Mais il ne s'agirait pas de courir deux lièvres à la fois sous peine de s'épuiser inutilement. Jongler n'a jamais été la qualité première de Didier Deschamps et le sélectionneur a suffisamment les idées claires pour établir l'ordre des priorités : d'abord les éliminatoires du Mondial, ensuite l'Euro. Même si l'urgence est d'établir un groupe pour juin prochain, il ne faudrait pas hypothéquer la course au Qatar pour les champions du monde en titre.

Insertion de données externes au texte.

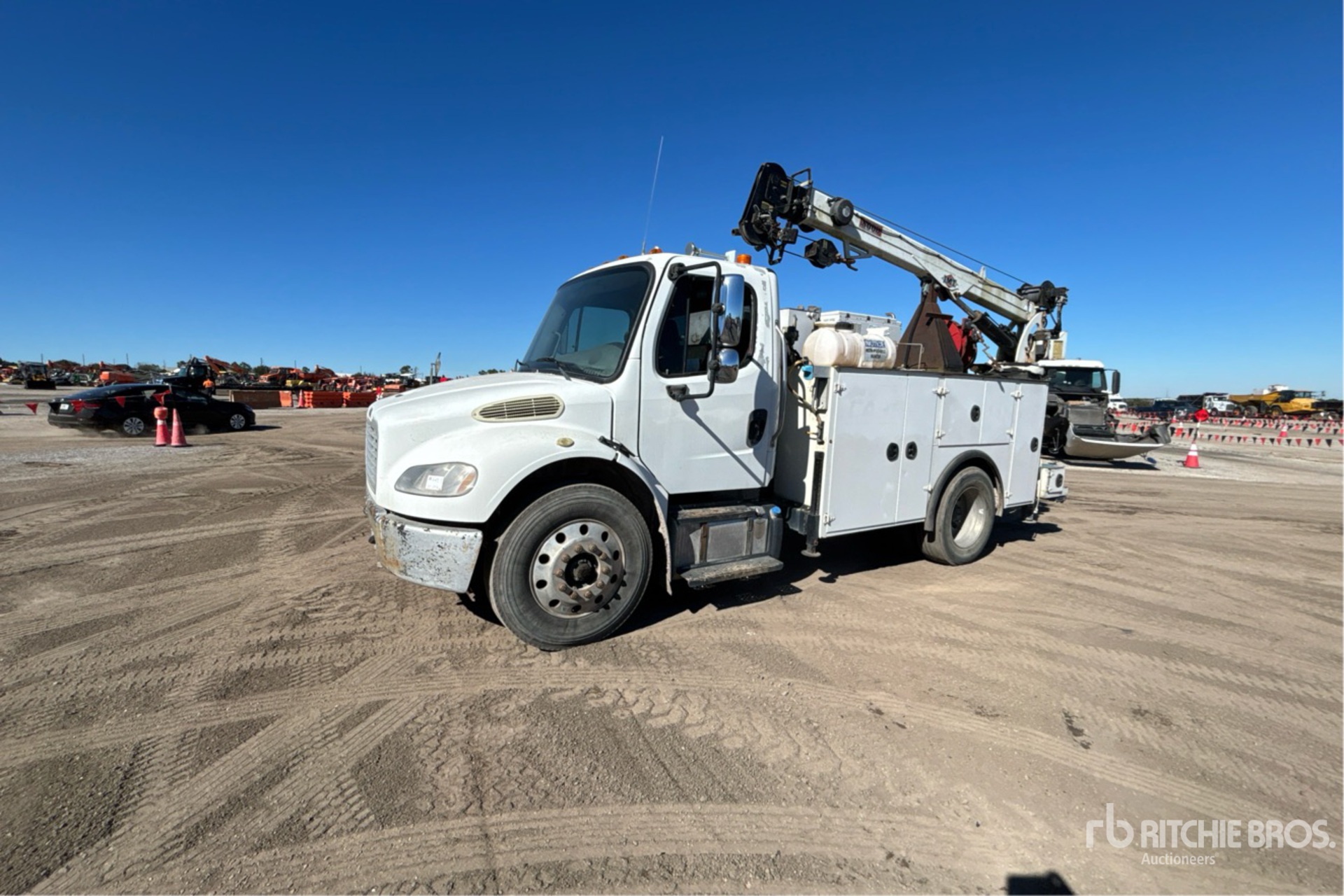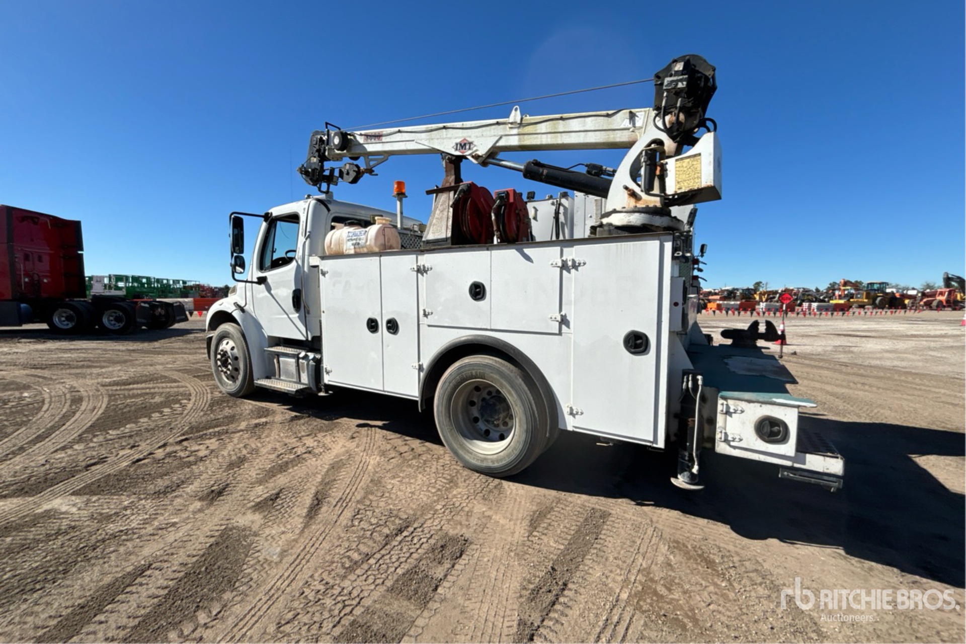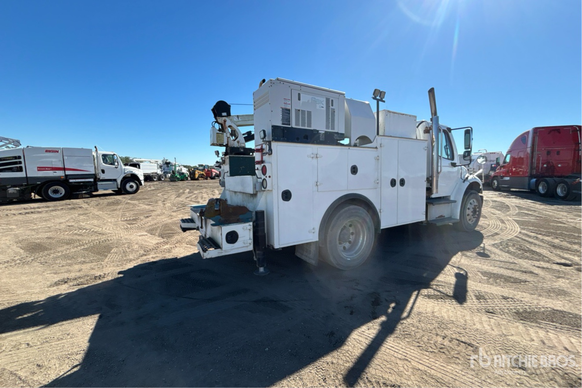 Cummins ISB6.7 240 6.7 L Diesel 240 hp Engine, 2015 US EPA Label, CARB Compliant, Requires Diesel Exhaust Fluid, 16111 Engine hrs, Automatic Transmission, 8000 lb Front Axle, 17500 lb Rears, 25500 lb GVWR, Aluminum Wheels, 275/80R22.5, Spring Suspension, 157 in Wheelbase, Wet Kit, 11 ft Body, Hydraulic Stabilizers, IMT 8600 lb 3 Section Hydraulic Crane, Miller Enpak 6 kVA Generator Set, Miller Enpak 60 cfm Diesel Air Compressor, Air Hose Reel
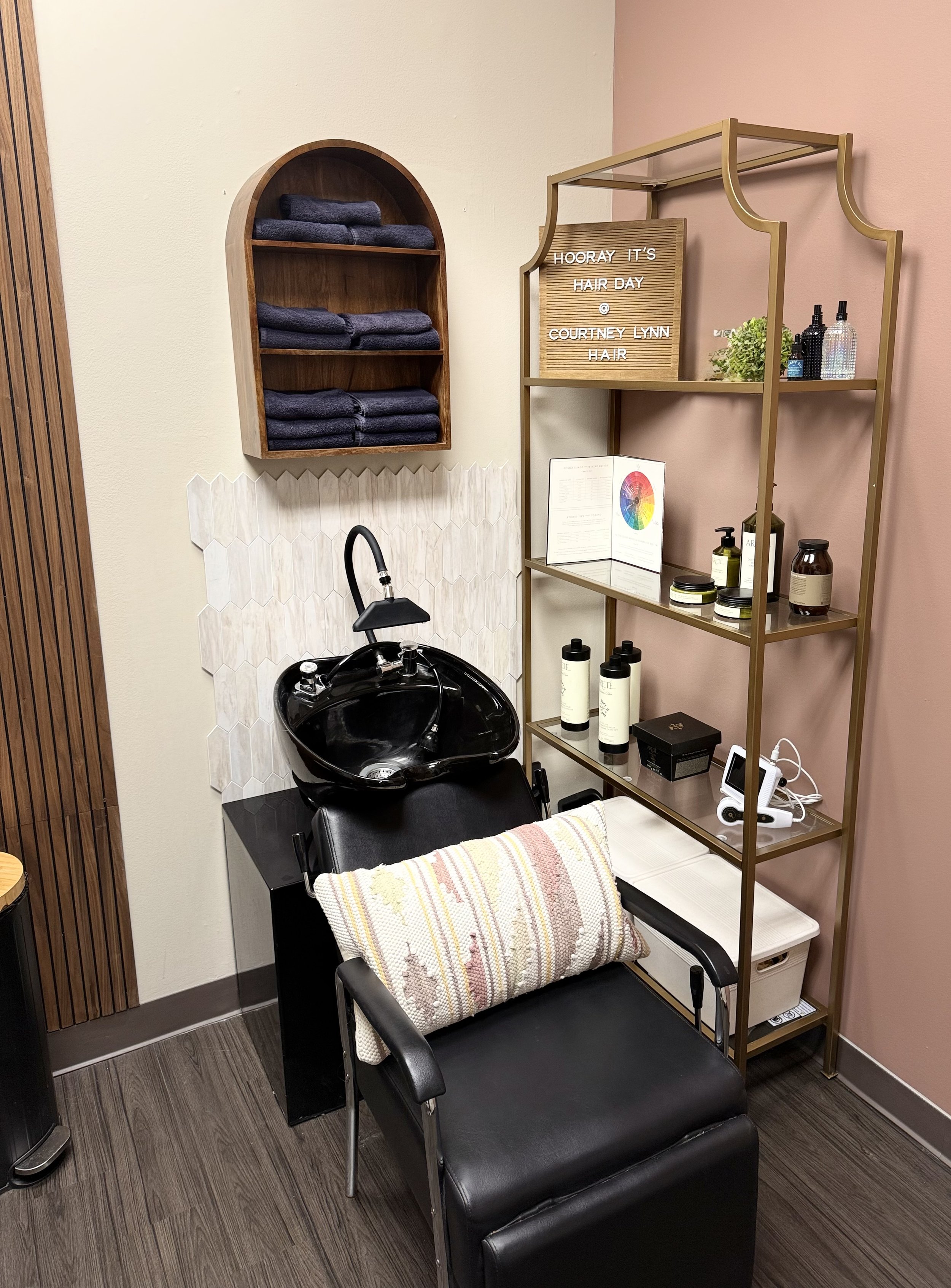 Courtney Lynn Hair Artistry is located inside Image Salons 2 in Sugar Land, Texas- just 20 miles Southwest of Houston. Tucked inside a private suite, the salon space is designed to reflect quiet luxury and a calm restorative experience.

Voilà pourquoi le sélectionneur a rappelé la vieille garde (Thomas Lemar, Ousmane Dembélé). Celle qui a décroché l'étoile à Moscou. Plus question de faire des expérimentations, l'heure est à la performance. Même dans un groupe plus qu'abordable, même face à des adversaires qui ne dépassent pas le 24e rang mondial (Ukraine), la France n'a pas le droit au gadin dans un groupe à cinq sélections où le moindre faux-pas pourra se transformer en vrai boulet.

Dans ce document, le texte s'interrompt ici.